Przykładowo Batman Toma Kinga - nazwisko jak wielokrotnie wspomniano gorące na rynku, a gdy pojawił się w sprzedaży jego Batman - w Polsce jeszcze średnio bądź wcale nie znany. Teraz, po wielu jego tytułach, wielu wyrobiło sobie opinię i chętnie sięgnęłoby po jego run (gdyby był dostępny w całości). Nie wspominając o osobach, które przegapiły / jeszcze nie były w komiksowie.

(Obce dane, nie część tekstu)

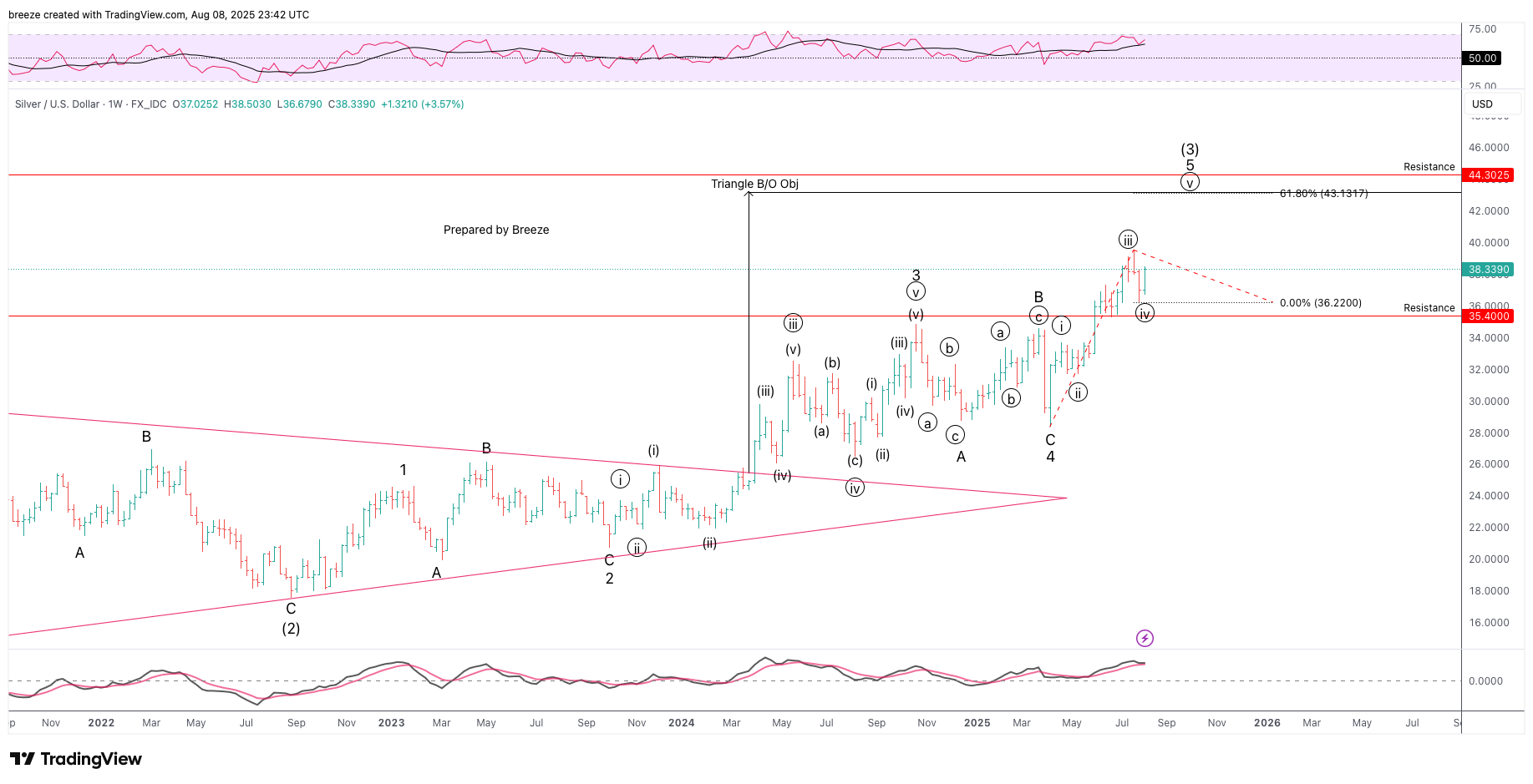 Spot Silver Wave Count Update. Minute Wave (circle) v of Minor Wave 5 of Intermediate Wave (3) is in play with a target of 43.1317. Close to the triangle breakout obj of 43.20. Breeze
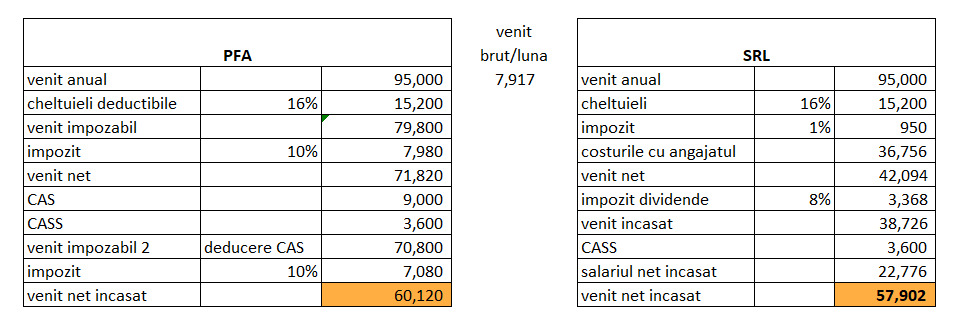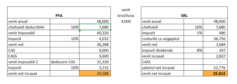 Incepand cu venituri de 4.000 lei/luna (48.000 lei/an) SRL-ul poate sa fie o alegere cu precizarea ca in intervalul 68.000-95.000 lei/an diferentele intre veniturile nete incasate sunt nesemnificative (sub 3%) intre PFA si SRL.
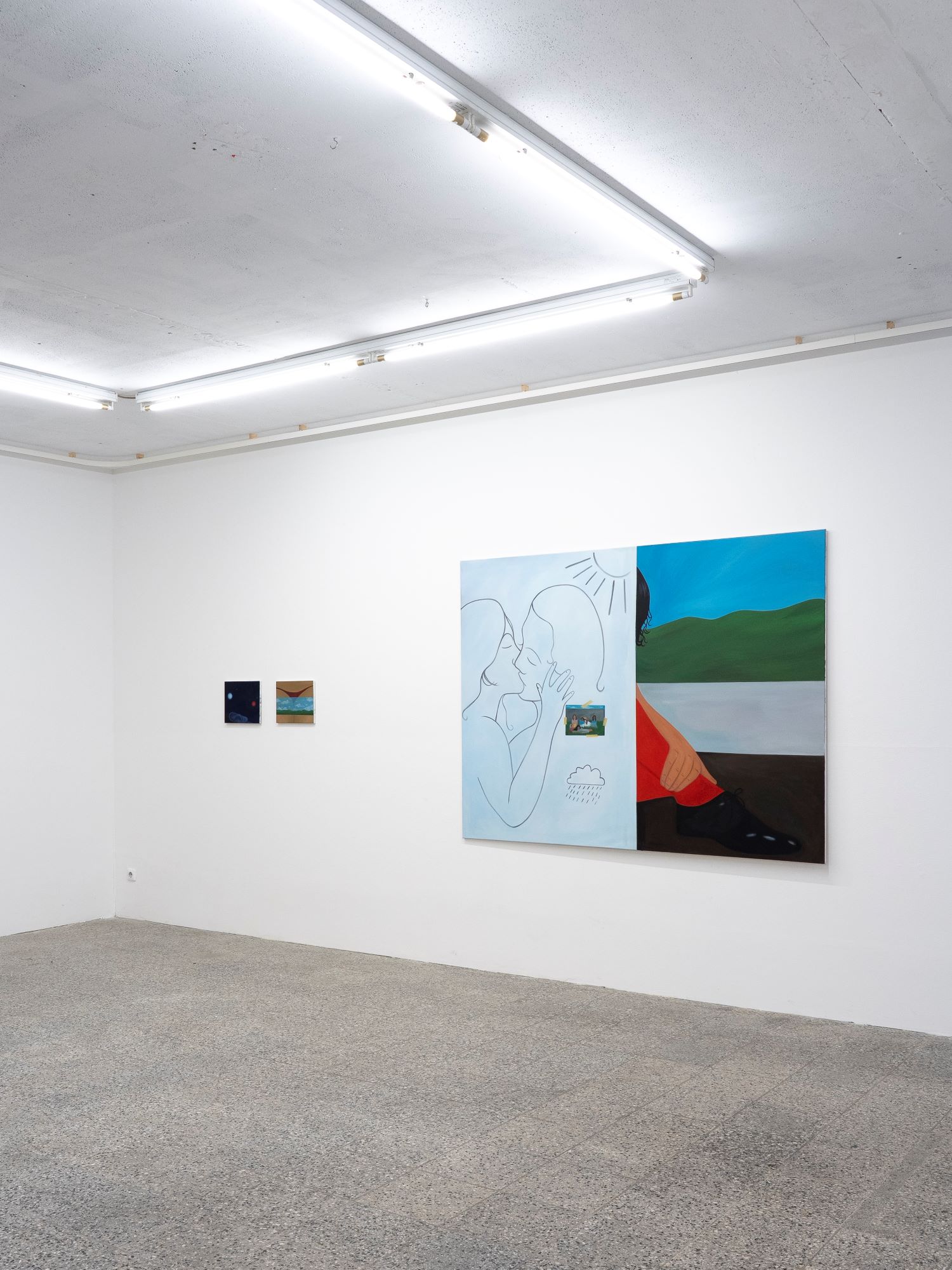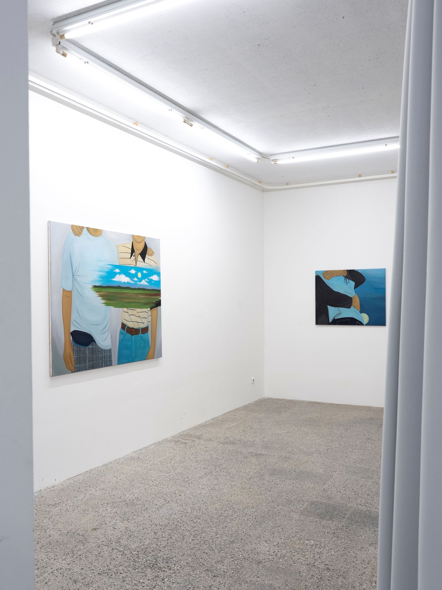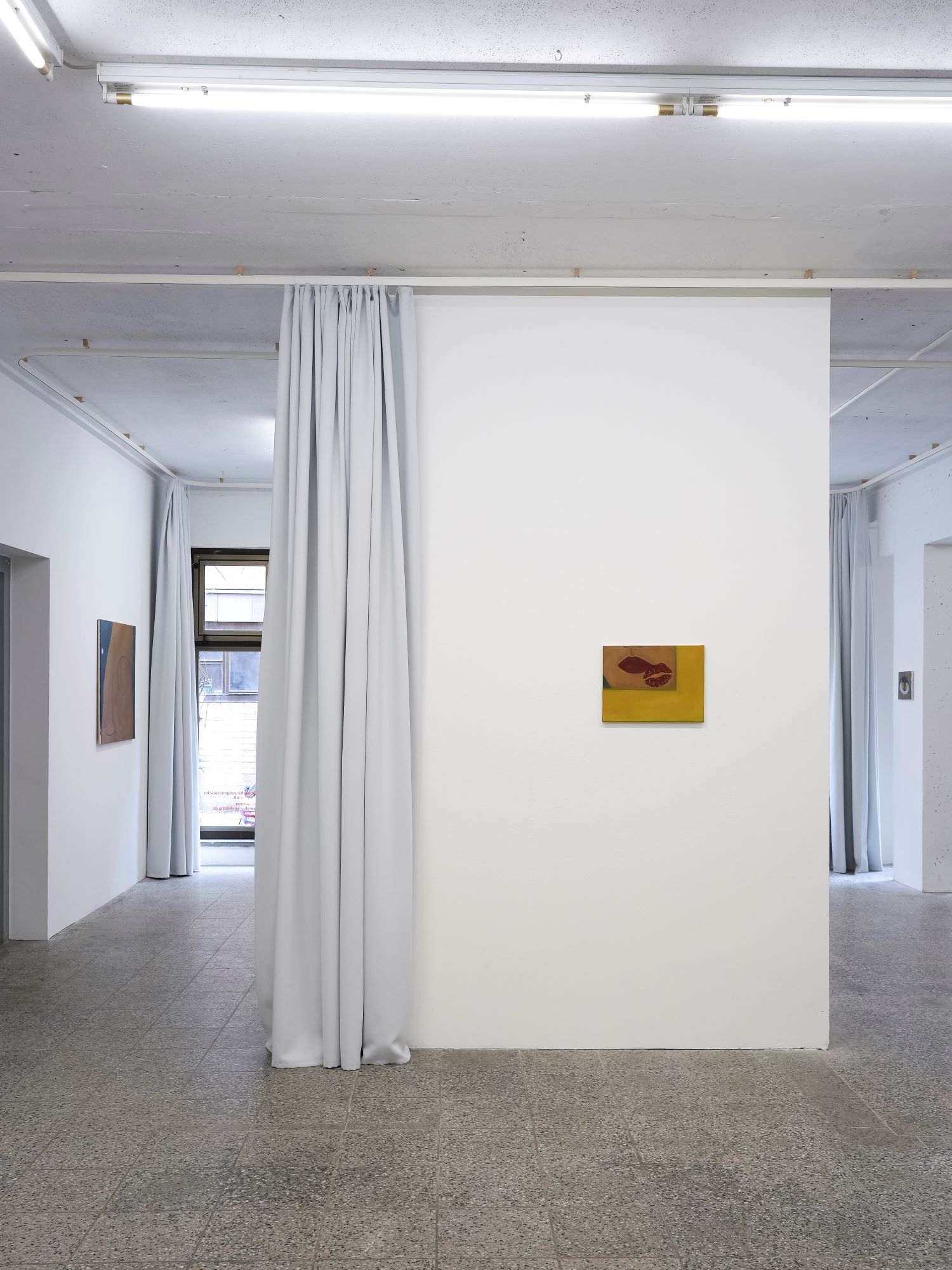 Der flache Farbauftrag und der unauffällige Duktus lassen eine glatte Fläche entstehen. Ähnlich wie ein Fenster oder ein Bildschirm zwingt sie die Betrachtenden zur voyeuristischen Anteilnahme an den sich ihnen darbietenden Szenen. Szenen, die oft zu persönlich sind, um ihre wahre Zeug:innenschaft einfordern zu können – denn ihre Lesbarkeit verschwimmt mit der Fremdheit der betrachtenden Person.

No i oczywiście to Batman, sto procent by się sprzedał, odblokowując też sprzedaż wiszących tomów, których nikt nie tknie nie mając nadziei na uzbieranie całości.
Także ciekaw jestem czy Egmont faktycznie nie skusi się na wznowienie kilku zaprzeszłych amerykańców. No ale to pewnie czas pokaże.
Ciekawe to co mówisz, ale spójrz na to, że właśnie ten w twojej opinii jeszcze nieznany King się wyprzedał, a już reszta jego komiksów z okresu kiedy był znany nadal spokojnie można kupić. I tak wiem, że zapewne wyprzedał się, że to Batman, i to tańszy dużo niż reszta jego komiksów wydane przez Egmont, ale nadal.
Z resztą patrząc na opinie czy to w Polsce, czy zza oceneanem to raczej ten run nie jest ciepło wspominany, to już prędzej run Snydera z New 52 by się nadawał do ponownego wydania, nie dość, że pisarsko dużo lepszy, to jeszcze ma świetne rysunki Capullo.
Generalnie pewnie za te 10 lat wrócimy do tych runów i dostaniemy je wydane na nowo, w wydaniach zbiorczych podobnych do tych co wydano Knightfalla, No Man's Land i w 2026 New Gotham. Ale najpierw musimy dojść do tego okresu, a do tego to właśnie jeszcze sporo lat komiksowych.